This tokenfilter is the most important responsibility, which is within the next method. The entire Tokenfilter is like this, first use the parent category's constructors to remember the incoming source tokemstream (that is, tokenfilter.input this field). In NEXT (), it is basically returned to INPUT.NEXT (). However, there is an exception to the Token object returned by INPUT.NEXT (), and its text content contains ".", Further dismantling this Token. After disassembling a token, after disassembling a plurality of Token, then the plurality of Token will be stored in a buffer. So when NEXT () is called, you will first check if there is a token in Buffer. If there is, it will return directly. In turn, use input.next () from the source tokemstream. Through this method, when the source tokemstream returns token contains ".", It will be dismantled into a plurality of Token and is passed back.

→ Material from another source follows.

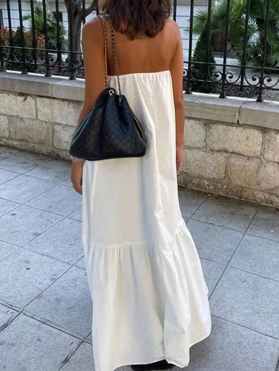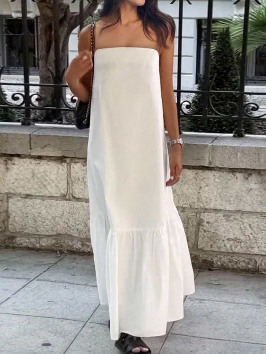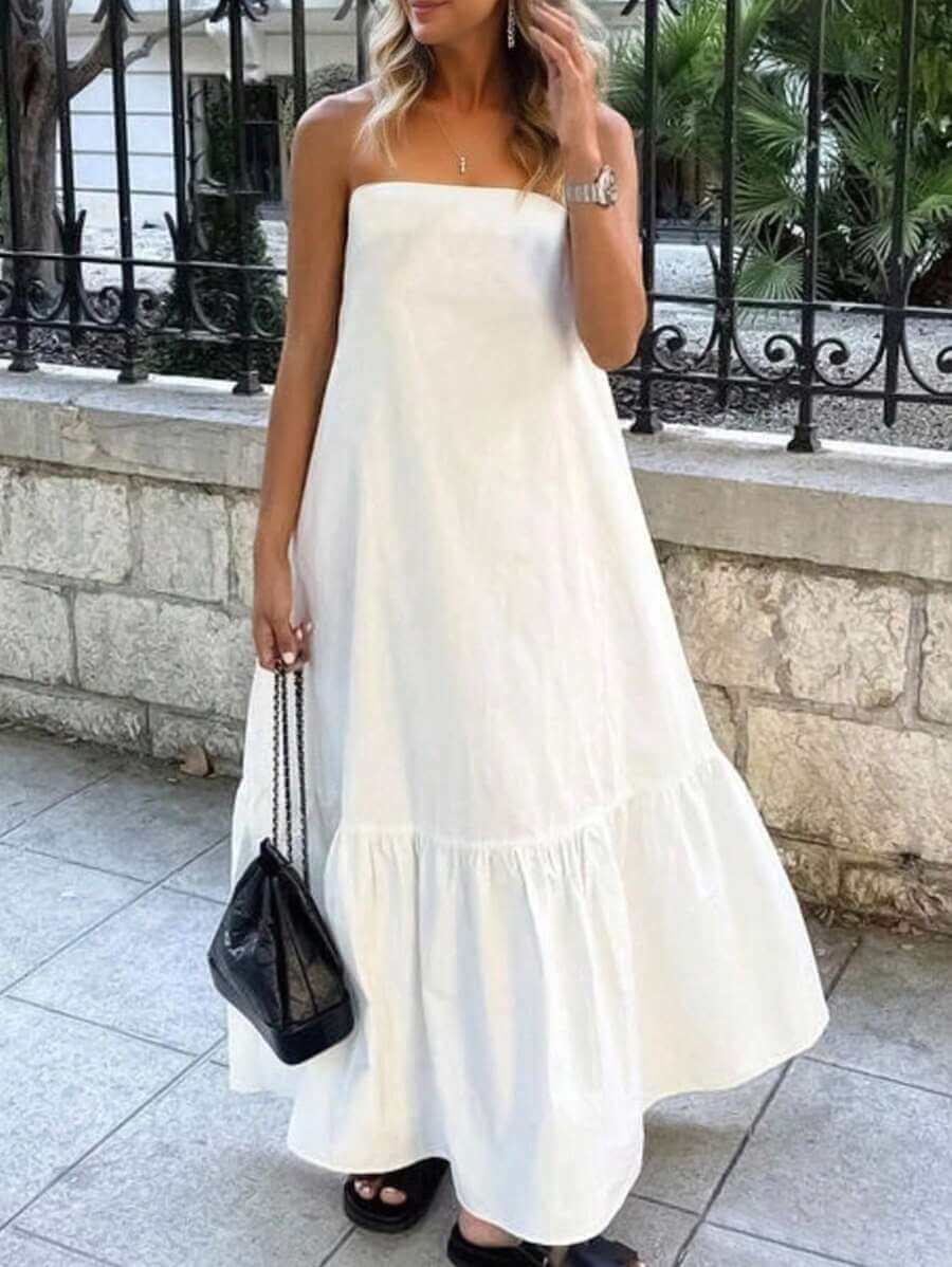 فستان طويل بلون أبيض سادة، بتصميم مستقيم بدون حمالات وبجزء سفلي واسع بسيط. القماش خفيف ومناسب للأجواء الدافئة، والتصميم بيظهر بشكل انسيابي من الأعلى للأسفل. يمكن تنسيقه مع صندل أو حقيبة صغيرة لإطلالة هادئة وغير متكلفة.

Finally, just write an Analyzer to choose to match Tokenizer and Filter.

Import Java.io.Reader;

Import java.util.set;

Import org.apache.lucene.Alysis.TokenStream;

Import org.apache.lucene.Analysis.Analyzer;

Import org.apache.lucene.Analysis.lowercasefilter;

Import org.apache.lucene.Alysis.stopanalyzer;

Import org.apache.lucene.Aalogs.StopFilter;

Import org.apache.lucene.Analysis.standard.standardfilter;

Import org.apache.lucene.Analysis.standard.standardTokenizer;

Public Class Urlplusanalyzer Extends Analyzer

{

PUBLIC STATIC FINAL STRING [] STOP_WORDS

Public static final string [] stop_words1 = stopanalyzer.english_stop_words;

Public static factory string [] stop_words2 = {"http", "www", "com", "net"};

//

PRIVATE STOPSET;

//

Static

{

Stop_words = new string [stop_words1.length stop_words2.length];

For (int i = 0; i

STOP_WORDS [I] = stop_words1 [i];

For (int i = 0; I

}

Public urlplusanalyzer ()

{

THIS (stop_words);

}

Public urlplusanalyzer (string [] stopwords)

{

Stopset = stopfilter.makestopset (stopwords);

}

Public tokenstream tokenstream (String FieldName, Reader Reader)

{

TokenStream Result = New StandardTokenizer (Reader);

Result = New StandardFilter (Result);

Result = new lowercasefilter (result);

Result = new urlplusfilter (result);

Result = New StopFilter (Result, Stopset);

Return Result;

}

}

This URLPlusanalyzer is an imitation StandardAnalyzer. But there are two places, one is an additional set of STOP Words. The so-called STOP WORDS is feeding to StopFilter as an input, and the representative is not wishing to be tetached as an index. For example, "WWW", "COM", "Net" in the URL are too often, and there is not much substantive significance, it should be added to STOP Words. Another different way is to choose the assembled tokenfilter in tokenstream (). This means that all analyzed token will pass the URLPLUSFILTER inspection. If it is the typographical version of the URL, it will be subdivided.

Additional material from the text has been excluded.